● Exercise requirements
Skip all pictures, then copy the lines from the start of the data through the line with "Sản phẩm bánh", keeping both ends.

[Entries taken from a collection]
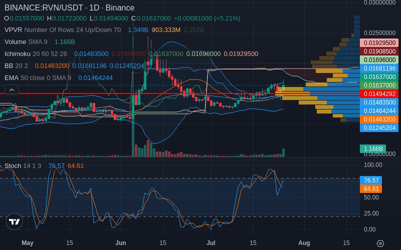 📊 Volume: 1.166B RVN (alto volume in salita. Buona conferma).
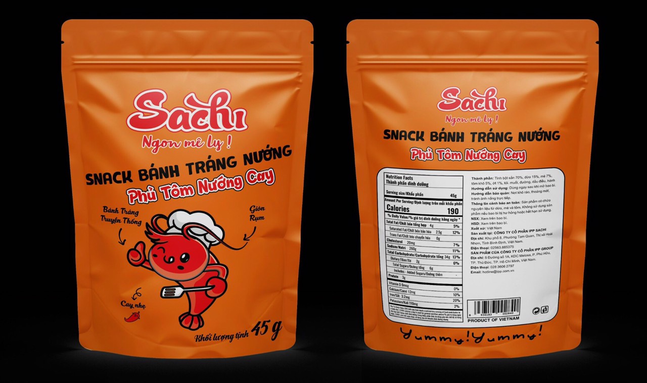 Sản phẩm bánh tráng dừa nướng tẩm tôm tẩm của Sachi với các thành phần chính là bánh tráng dừa, nguyên liệu và nhờ có pha thêm gia vị vào cùng nên bánh có hương
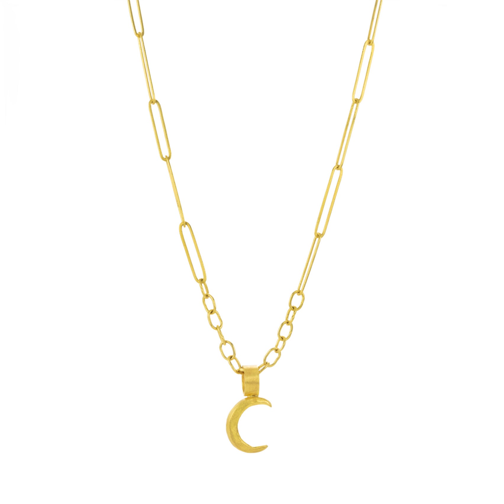 Dance by the light of the moon in this 22k yellow gold moon pendant from Rosanne Pugliese! A lovely ode to our lunar neighbor, this precious brushed pendant measures 3/4" x 3/8". Pendant only, chain is sold separately. Handcrafted in Brooklyn, NY, U.S.
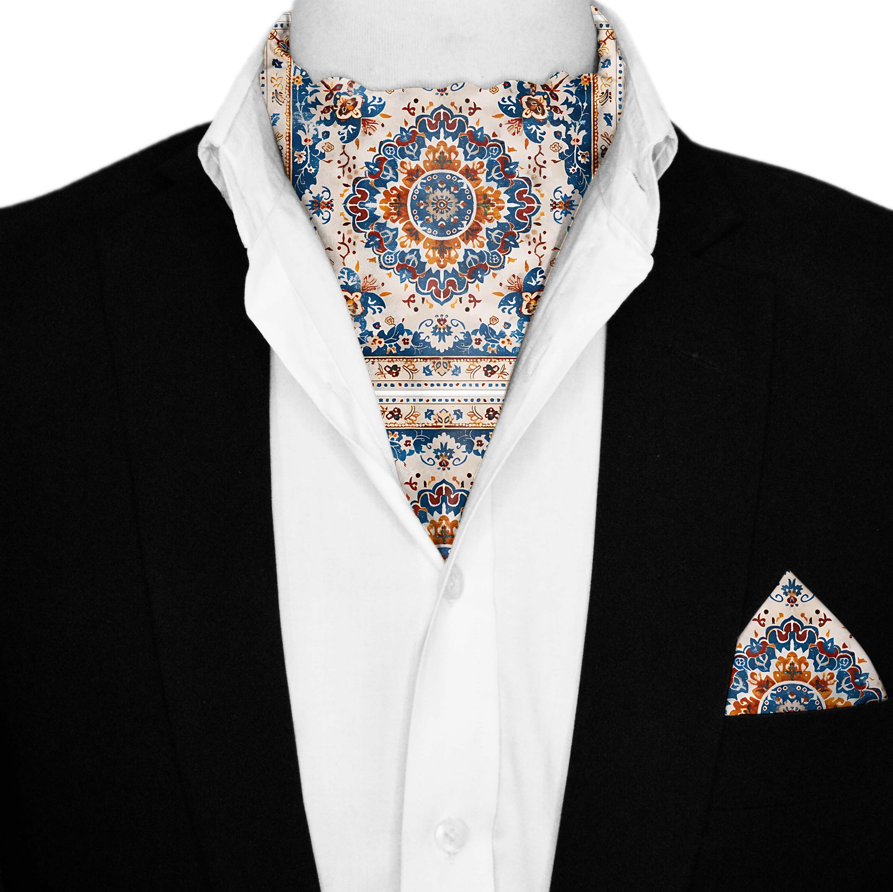 TURKMEN AFGHAN SILK ASCOT AND POCKET SQUARE SET – PREMIUM COLLECTION
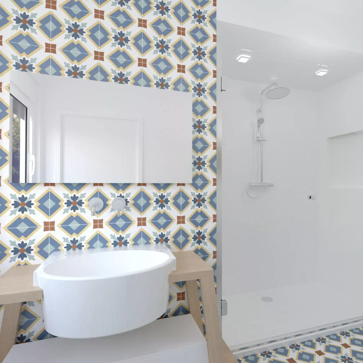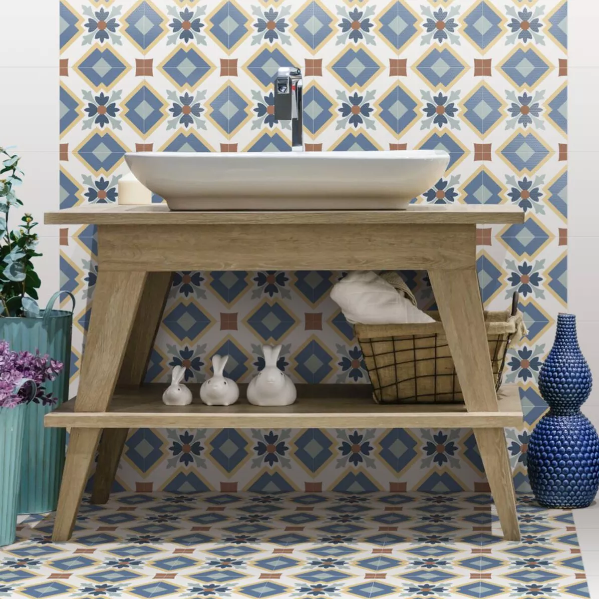 Mit ihren Vielfalt an Farben - Blau, Gelb, Braun und Weiß - passt die Feinsteinzeug Bodenfliese Bucharest zu jeder Einrichtung und schafft ein stimmiges Ambiente. Darüber hinaus ist sie für Fußbodenheizungen geeignet und bietet damit ein Plus an Komfort.
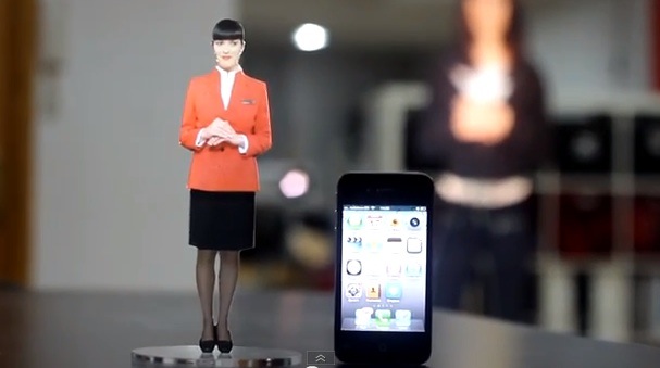 La société espagnole Cubensis travaille actuellement sur le prototype d'une nouvelle version de son hôtesse de l'air virtuelle-holographique de taille mini. (20 cm. grand) pour application sur n'importe quel comptoir de vente au détail, restauration, etc..
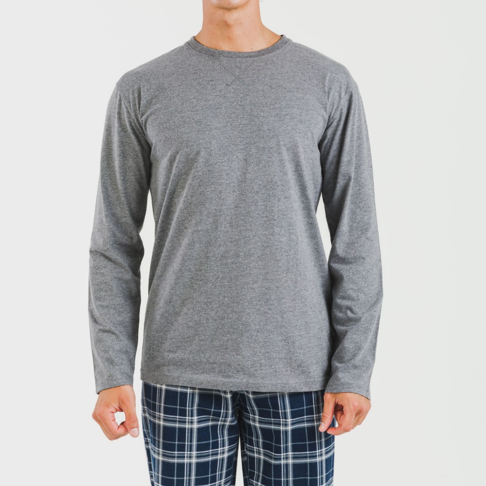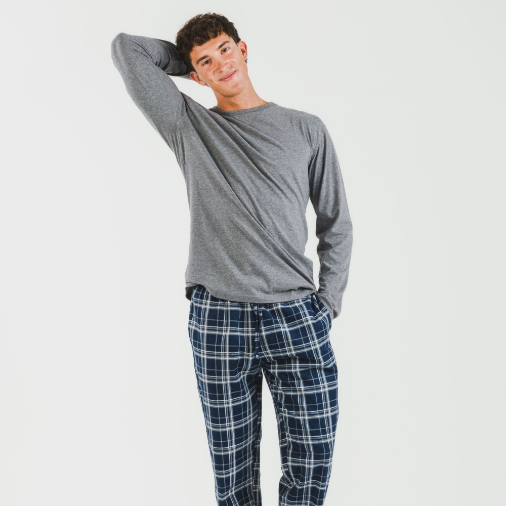 Pijama de hombre compuesto por camiseta de manga larga y pantalón largo de franela.
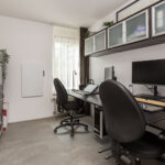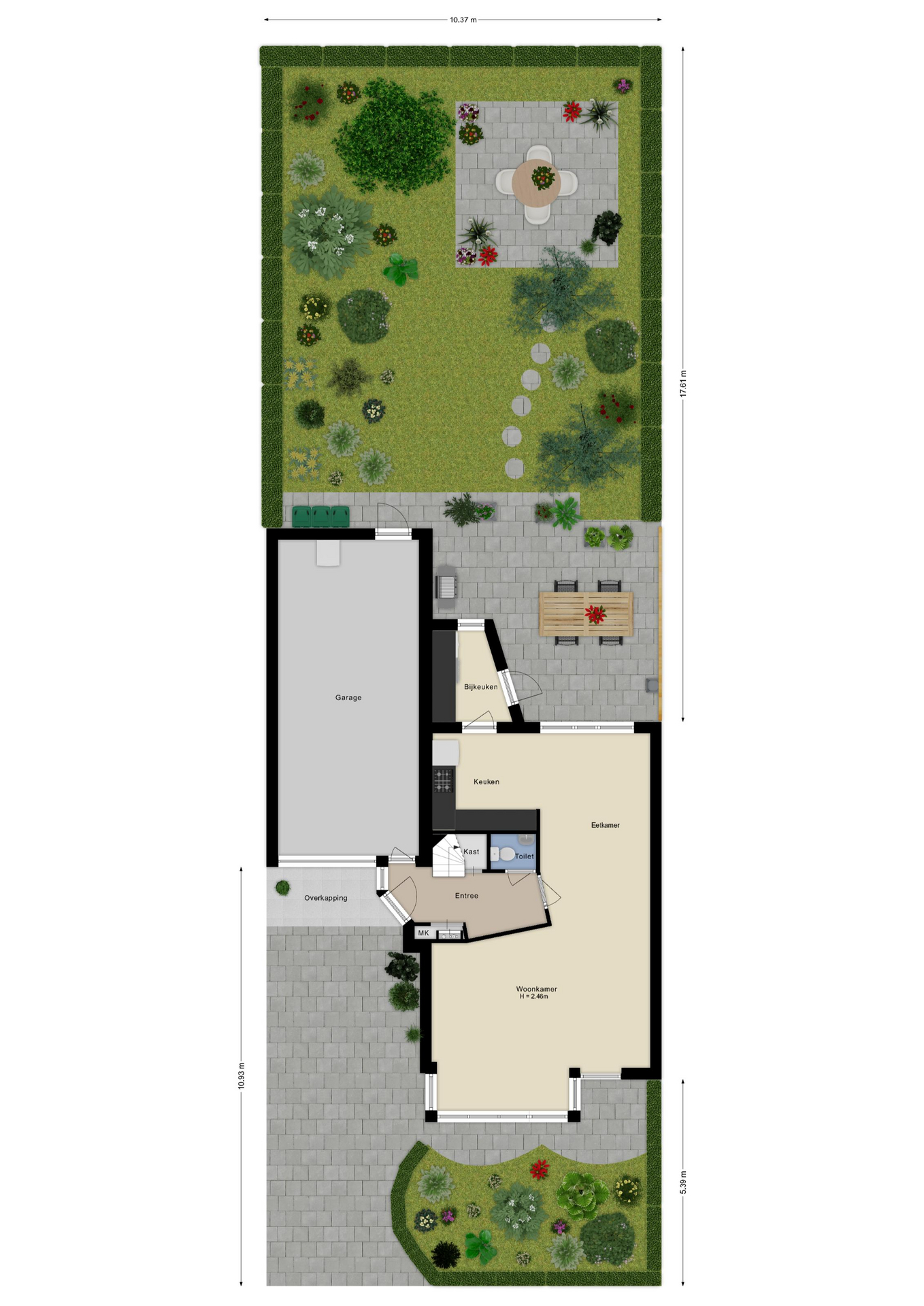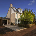 Royale garage (30 m²) + oprit met plek voor 2 auto’s.
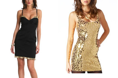 Left to Right: Guess Jeans Felina Dress, $98, www.guess.com; Paillette Knit Tank Dress, $129, www.bebe.com.
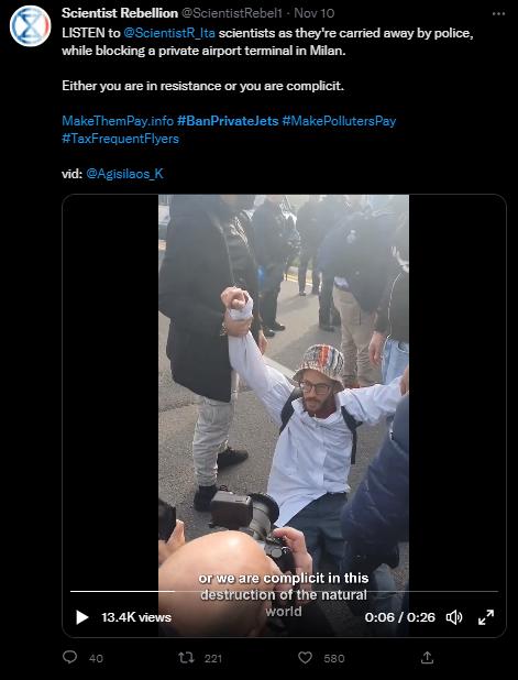 《纽约时报》10日报道,活动人士表示,有十几名抗议者(包括一名科学家)当天在美国的私人机场抗议时被拘捕,原因是擅自闯入、干扰公共交通等。意大利米兰等地也发生了类似的拘捕事件。

● The answer
 📊 Volume: 1.166B RVN (alto volume in salita. Buona conferma).
 Sản phẩm bánh tráng dừa nướng tẩm tôm tẩm của Sachi với các thành phần chính là bánh tráng dừa, nguyên liệu và nhờ có pha thêm gia vị vào cùng nên bánh có hương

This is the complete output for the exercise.